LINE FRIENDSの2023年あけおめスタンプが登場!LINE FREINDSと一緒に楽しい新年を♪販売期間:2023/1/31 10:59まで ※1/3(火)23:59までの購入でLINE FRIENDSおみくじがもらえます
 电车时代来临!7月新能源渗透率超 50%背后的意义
...
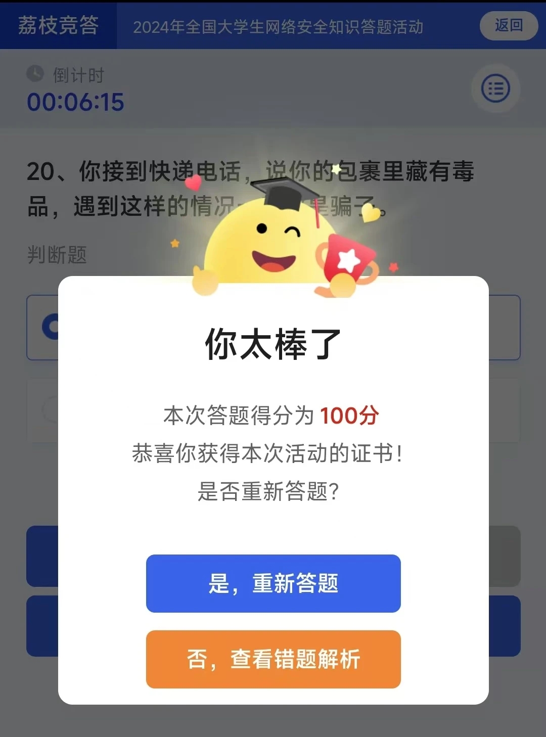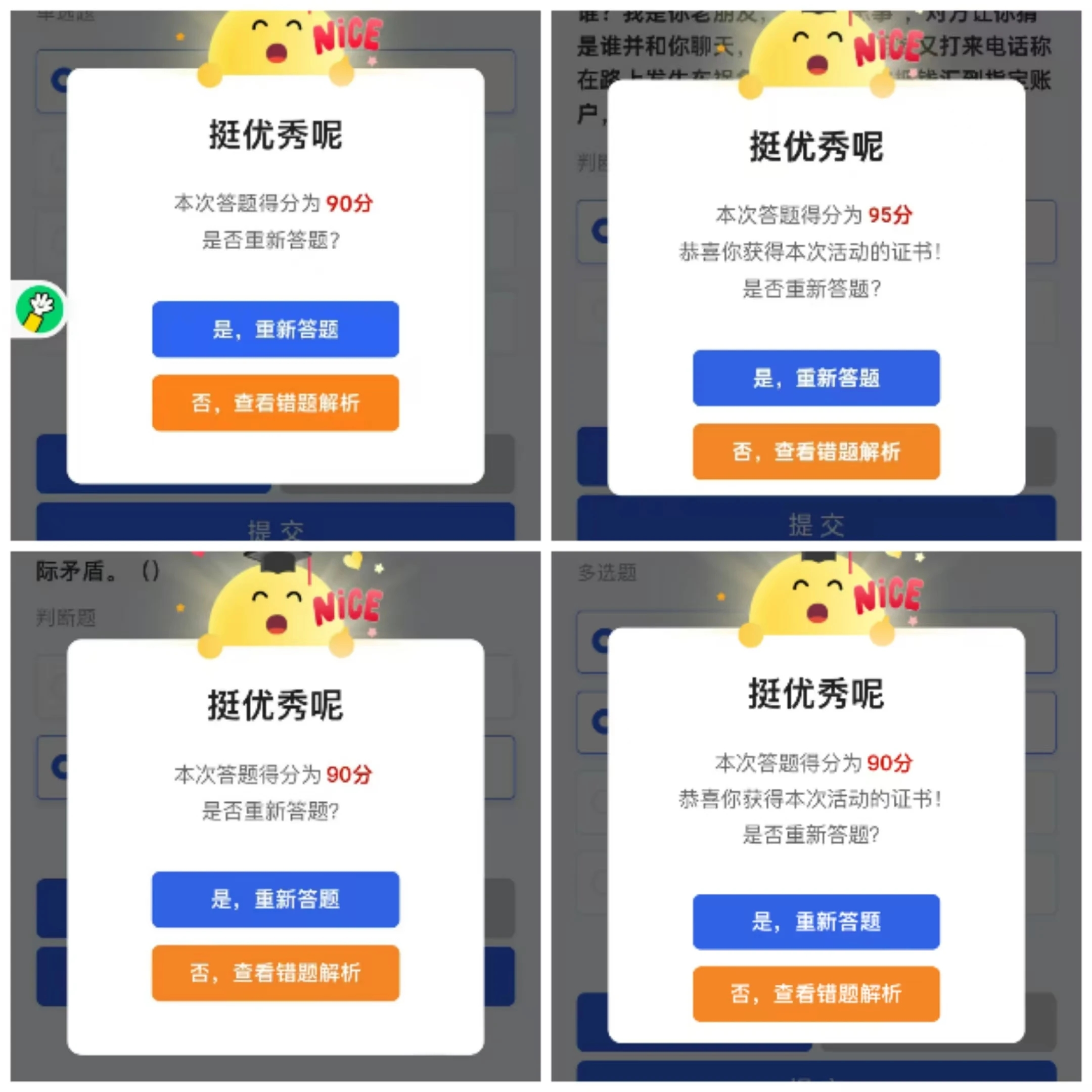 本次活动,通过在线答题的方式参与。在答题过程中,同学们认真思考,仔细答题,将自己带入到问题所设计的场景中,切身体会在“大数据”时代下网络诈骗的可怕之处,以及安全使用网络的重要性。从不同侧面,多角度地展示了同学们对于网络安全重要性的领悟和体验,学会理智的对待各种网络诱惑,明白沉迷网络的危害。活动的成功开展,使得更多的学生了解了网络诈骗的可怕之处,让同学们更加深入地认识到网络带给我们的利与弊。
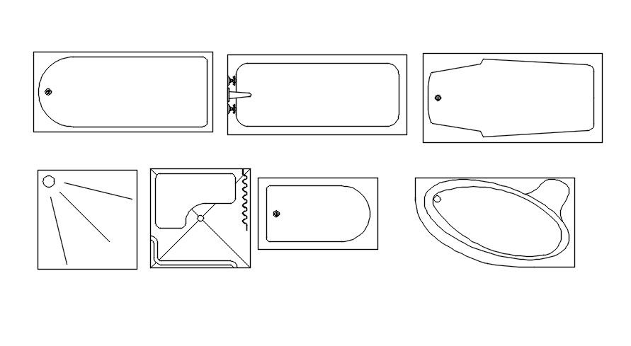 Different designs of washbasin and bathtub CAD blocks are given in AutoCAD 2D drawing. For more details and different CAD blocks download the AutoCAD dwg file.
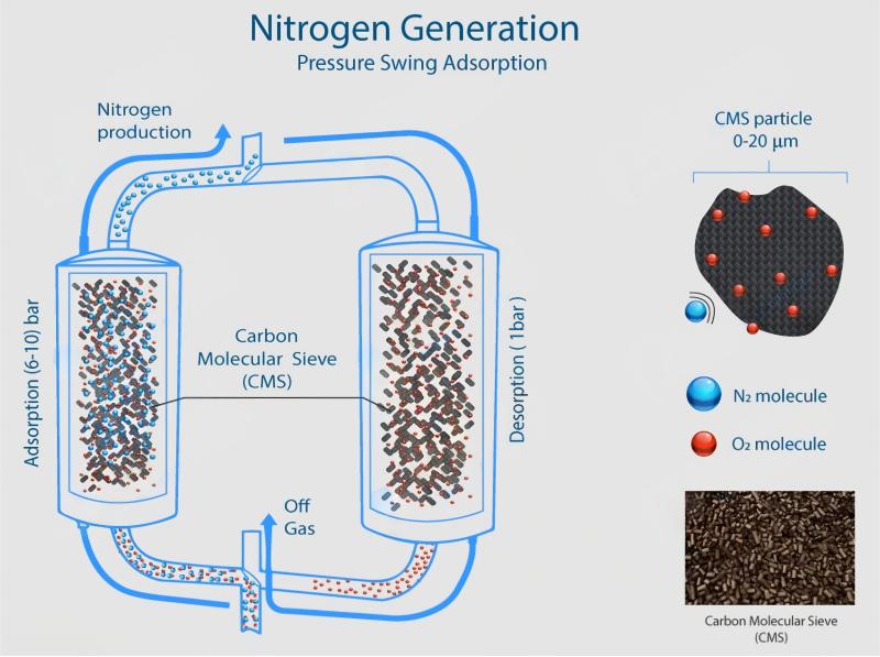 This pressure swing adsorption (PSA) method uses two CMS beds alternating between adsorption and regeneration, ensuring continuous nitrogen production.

- Instructions to follow: Print the part of the listing above that opens with the line containing "Different designs of" and closes with the line containing "This pressure swing". Copy it exactly, both ends included, and omit the pictures.

- Exercise output:
 Different designs of washbasin and bathtub CAD blocks are given in AutoCAD 2D drawing. For more details and different CAD blocks download the AutoCAD dwg file.
 This pressure swing adsorption (PSA) method uses two CMS beds alternating between adsorption and regeneration, ensuring continuous nitrogen production.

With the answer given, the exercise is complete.